Substitute $1\text{ mA}$ for $i$ and $50.48\times {10}^{-3}\Omega$ for $R_{\text{B75}}$ in equation (5).

$\begin{array}{c}{p}_{\text{B75}}=\left({\left(1\text{ mA}\right)}^2\times 50.48\times {10}^{-3}\Omega \right)\\ =\left({\left(1\times {10}^{-3}\text{ A}\right)}^2\times 50.48\times {10}^{-3}\Omega \right)\left\{\because 1{\text{ mA=10}}^{-3}\text{ A}\right\}\\ =5.048\times {10}^{-8}\text{ W}\\ \text{=50}\text{.48 nW }\left\{\because 1{\text{ W=10}}^9\text{ nW}\right\}\end{array}$

Substitute $\text{248}\text{.35 nW}$ for $p_{\text{B415}}$ and $\text{50}\text{.48 nW }$ for $p_{\text{B75}}$ in equation (6).

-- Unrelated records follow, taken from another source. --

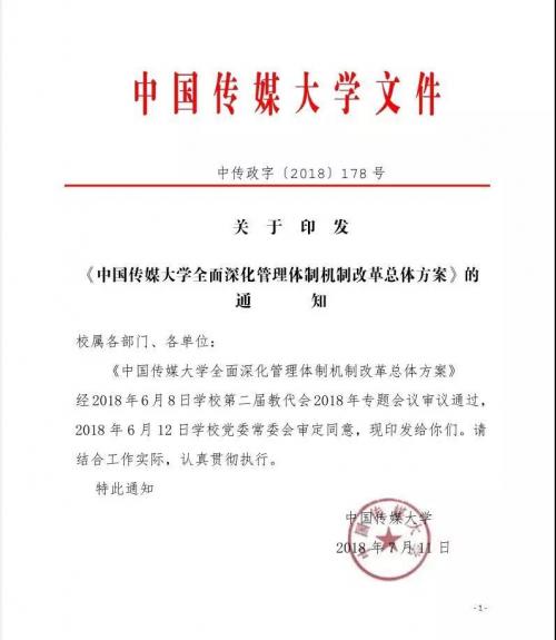 2018年6月8日,学校召开第二届教代会专题会议,审议通过《中国传媒大学全面深化管理体制机制改革总体方案(审议稿)》,全面深化学校管理体制机制改革大幕拉开,同时顺利完成了中层领导干部换届工作,一大批年富力强、想干事、能干事的干部走上领导岗位。通过实施全面深化机关职能部门、直属单位改革,深化学部制改革,深化科研管理体制改革等举措,一个全校上下振奋精神、锐意改革、奋力进取的全新局面正在形成。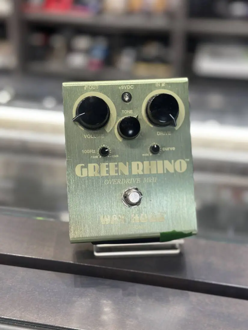 The legendary Way Huge Green Rhino has returned! The Mk II has all the gorgeous classic overdrive that you crave but it has evolved to include cool new features that make it even more rhinoceriffic. In addition to the Volume, Tone, and Drive controls, you get a 100Hz EQ knob to cut or boost your low end by 12dB. Your low notes can either shake the ground like a stampede across the savannah or cut through the mix like a charging rhinos horn. This pachyderm of a pedal also sports a Curve control to fine-tune the corner frequencies of your tone. All this amazing tone shaping makes other overdrives seem boring and one-dimensional by comparison. In front of a clean amp, with the Volume and Drive set at noon, you can go from pristine purity to a punchy, dynamic rhythm tone. Set the Drive low and crank the Volume and add tons of boost to wallop the input of any amp. Turn up the Drive control with the Rhino in front of a distorted channel and hear more gain and sustain than you ever thought your amp was capable of. And no matter how you use it, the Green Rhino Mk II will deliver clean operation, quiet relay-based true-bypass switching, and the rock-solid construction that Way Huge is famous for.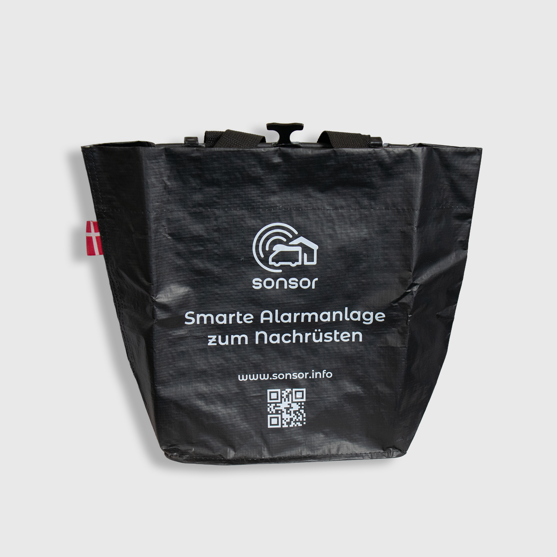 Die nachhaltige sonsor Fahrradtasche besteht aus 100 % recyceltem, gewebtem Polypropylen.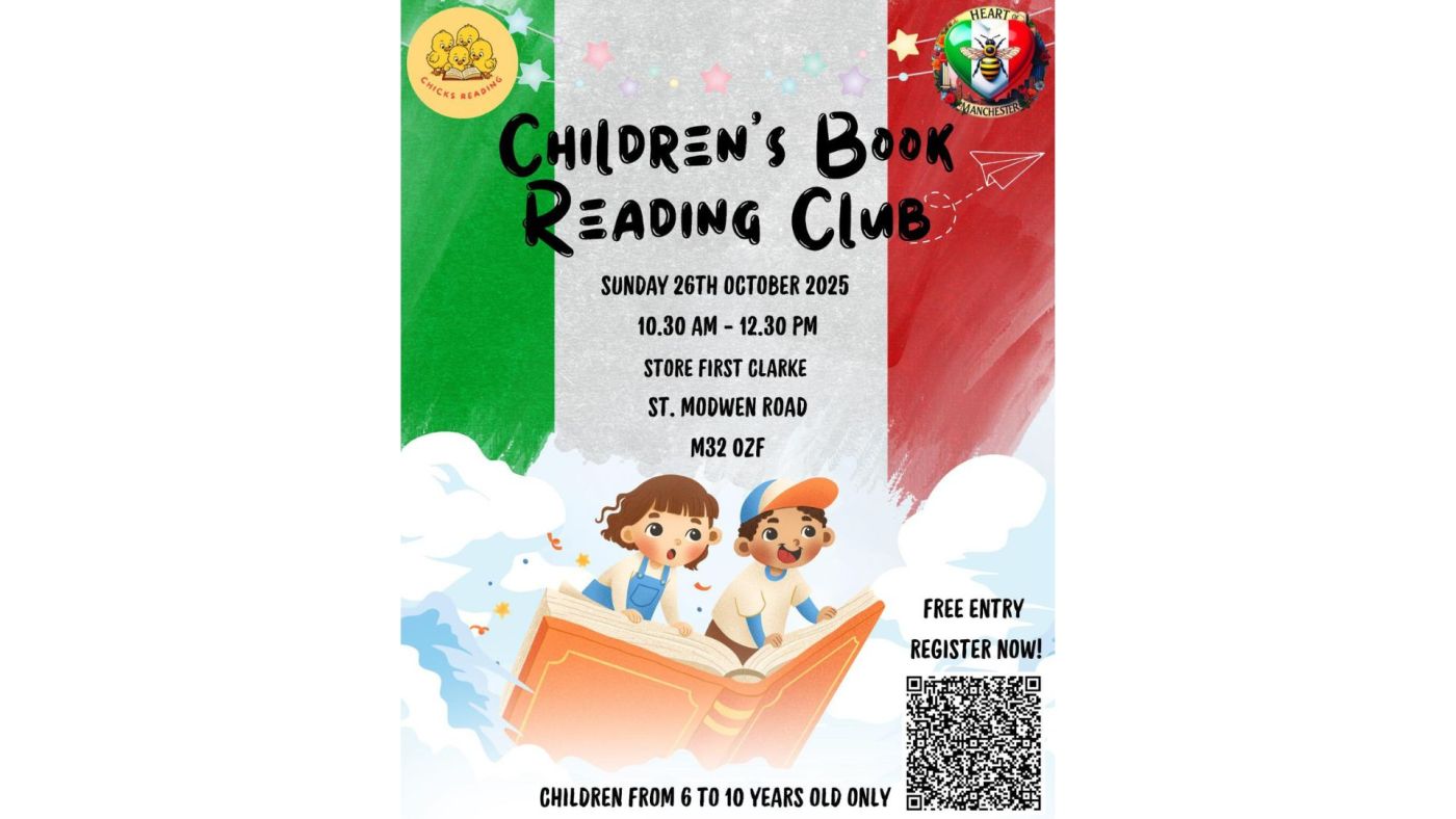 A Manchester nasce nel 2025 un nuovo Club di Lettura dedicato ai più piccoli. L’iniziativa, organizzata da Chicks Reading e Heart of Manchester, mira a far conoscere ai bambini tra i 6 e i 10 anni la cultura italiana attraverso storie e racconti selezionati. Il club si riunirà una volta al mese, offrendo un momento speciale in cui i più giovani potranno avvicinarsi ai libri in un ambiente accogliente.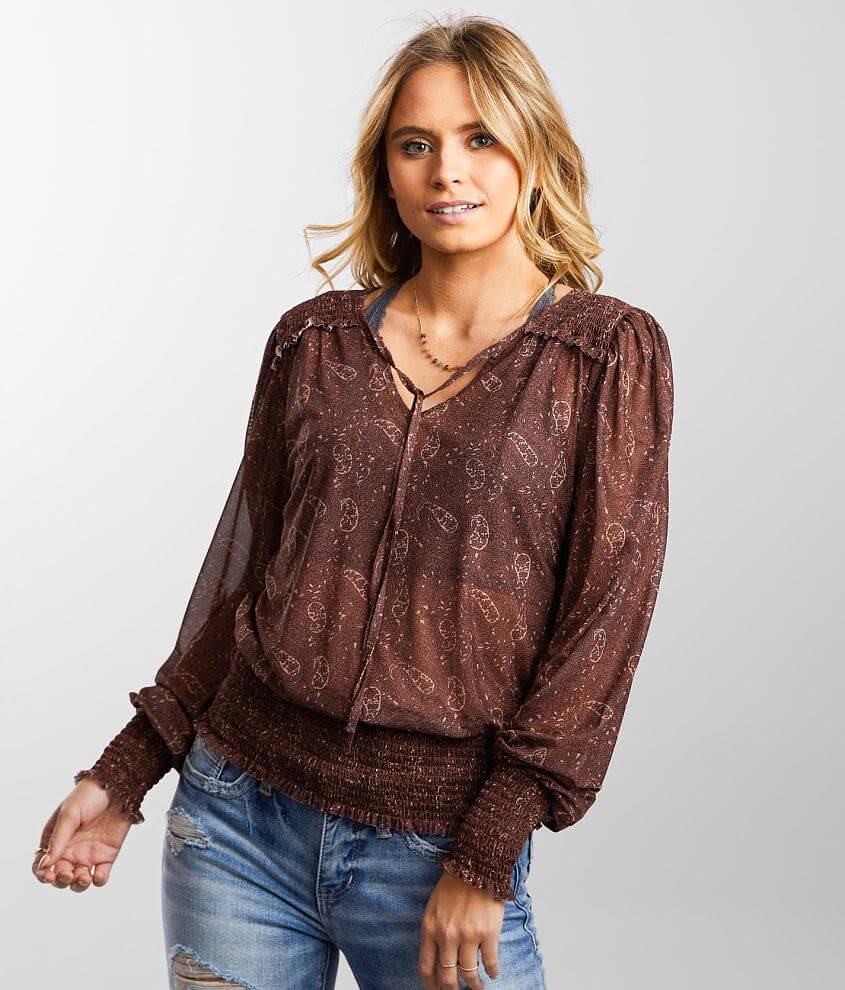 Daytrip Mesh Knit Floral Paisley Print Top Women's Shirts/Blouses in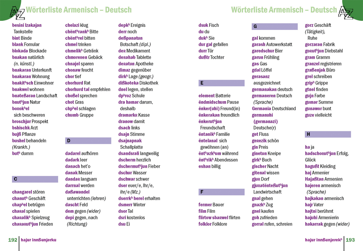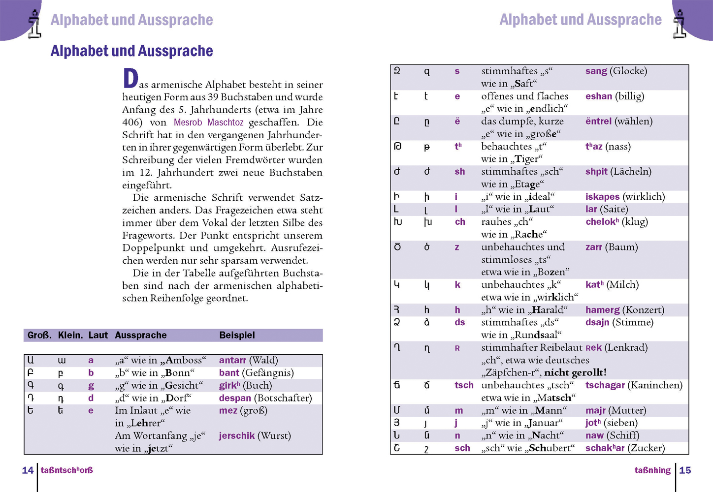 Dieser Sprachführer richtet sich vor allem an Armenien-Reisende und konzentriert sich deshalb auf das Ostarmenische. Das Buch vermittelt die wichtigsten grammatikalischen Grundkenntnisse und greift typische Sätze aus dem armenischen Alltagsleben auf. Sie sollen den Lesern helfen, zu verstehen und sich verständlich zu machen. Nicht die vollkommene Sprachbeherrschung ist hier angestrebt, sondern eine praktische Hilfe für jeden, der nach Armenien reist und sich für die armenische Kultur interessiert.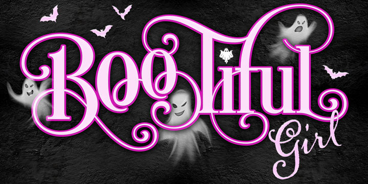 Pink Halloween Wall Decor Sign that says Bootiful Girl on black stone background and with ghost peaking around the pink letters.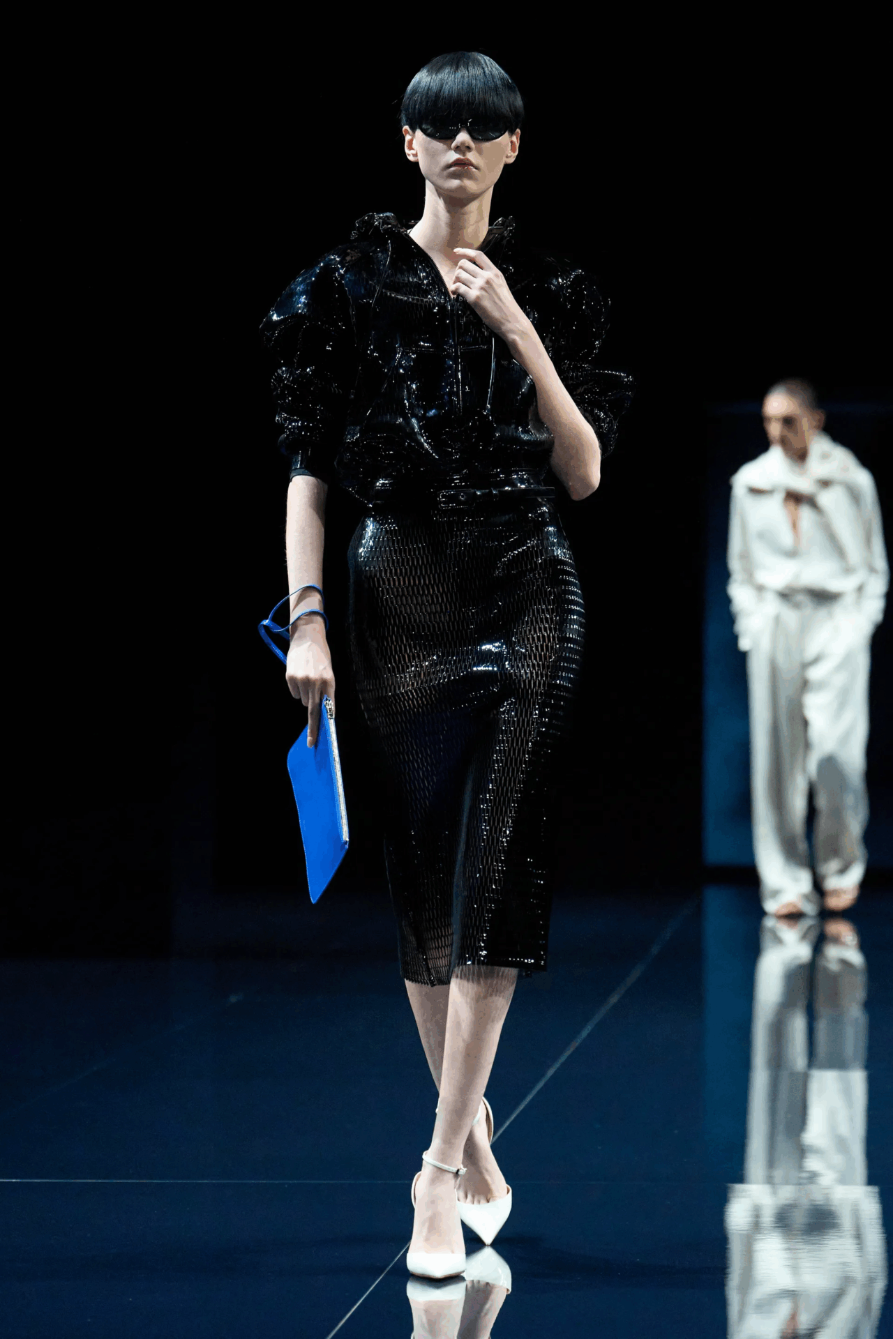 أما الأقمشة، فكانت عنوان الفخامة، إذ سيطر الجلد اللامع بتفاصيله الدقيقة والمزخرفة بفتحات ناعمة لتمنح القطعة إطلالة جريئة دون أن تفقدها أناقتها. كما أضافت بدلات الساتان لمسة من النعومة المترفة، جاءت بألوانٍ نابضة بالحياة مثل الأخضر الليموني، الأزرق السماوي، والأزرق .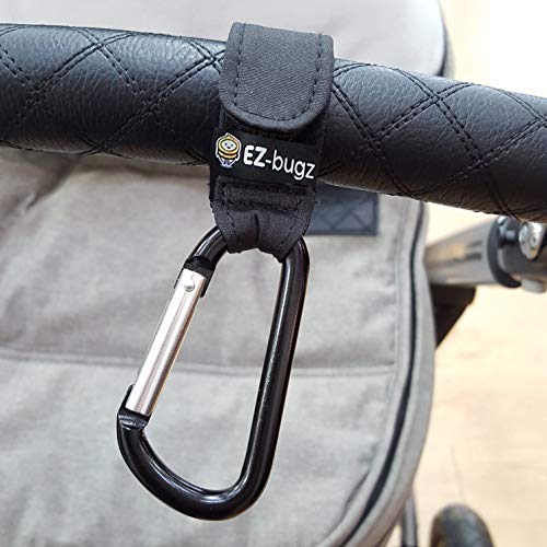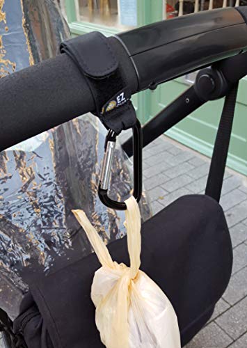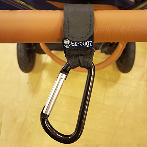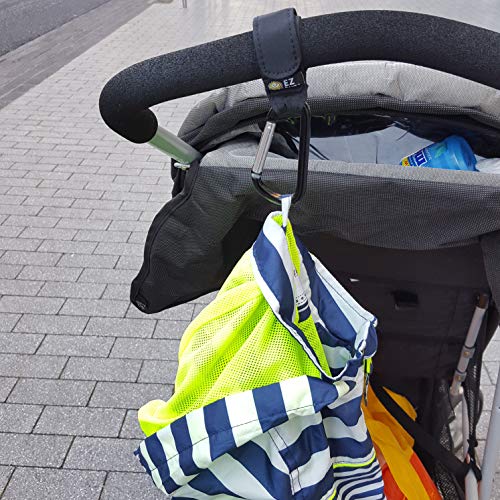 Eine einfache & schnelle Möglichkeit Ihre Taschen & kleinere Gegenstände am Kinderwagen, Einkaufswagen, an der Autolehne und vielem mehr zu befestigen! Sie haben im Supermarkt zu viel gekauft und keinen Platz im Kinderwagen, um den Einkauf nach Hause zu transportieren? Ihr Liebling ist eingeschlafen und Ihre Taschen passen nicht in den Korb unterm Kinderwagen? Sie haben schmutzige Windeln und dreckige Kleidung, die Sie nicht mit anderen Dingen im Kinderwagenkorb verstauen wollen? Dann benötigen Sie die EZ-Bugz Kinderwagenhaken 2er Packung! * Hilft dabei Ihre Hände frei zu halten; einfaches Befestigen & Entfernen, damit Sie sich voll auf den Kinderwagen konzentrieren können * Haltbar & Stark; die Haken sind nicht aus Plastik und verfügen über einen Mikrofaser-Klettverschlussgurt mit 8cm großen Aluminiumhaken, die bis zu 5kg pro Haken tragen * Diskret & vielseitig; die Haken im einfachen schwarz-gehaltenen Design können auch an Rollstühlen, Einkaufswagen, Autokopflehnen und Fahrrädern verwendet werden. * Eine tolle Geschenkidee: Ein hervorragendes Geschenk zur Babyparty oder einfach für einen Freund * Ein Must-Have für alle Eltern, die viel unterwegs sind! Unsere Kinderwagenhaken sind eine schnelle und einfache Möglichkeit, um Taschen und andere kleinere Gegenstände am Kinderwagen, Einkaufswagen, der Autolehne u.v.m. zu befestigen…Sie verstehen, was wir meinen: Die Haken sind sehr vielseitig! Und am aller besten: Da die Anbringung so kinderleicht ist, sind die Haken sofort eisatzbereit, wenn sie bei Ihnen eintreffen. Bitte achten Sie darauf, dass das Gewicht gleichmäßig verteilt ist und Sie den Kinderwagen nicht überladen, damit Sie und Ihr kleiner Liebling so sicher wie möglich sind. Bitte entfernen Sie außerdem sämtliche Gegenstände von den Haken, bevor Sie Ihr Kind aus dem Kinderwagen heben.

$\begin{array}{c}{p}_t=\left(\frac{\text{248}\text{.35 nW}-\text{50}\text{.48 nW}}{\text{248}\text{.35 nW}}\times 100\right)\text{ \%}\\ =\left(\frac{197.87\text{ nW}}{\text{248}\text{.35 nW}}\times 100\right)\text{ \%}\\ =79.67\text{ \%}\end{array}$

Conclusion:

Thus, the power wasted in aluminum $-$ clad steel $\text{B415}$ wire is $\text{248}\text{.35 nW}$ and the resistive power reduced by using $\text{B75}$.is $79.67\text{ \%}$.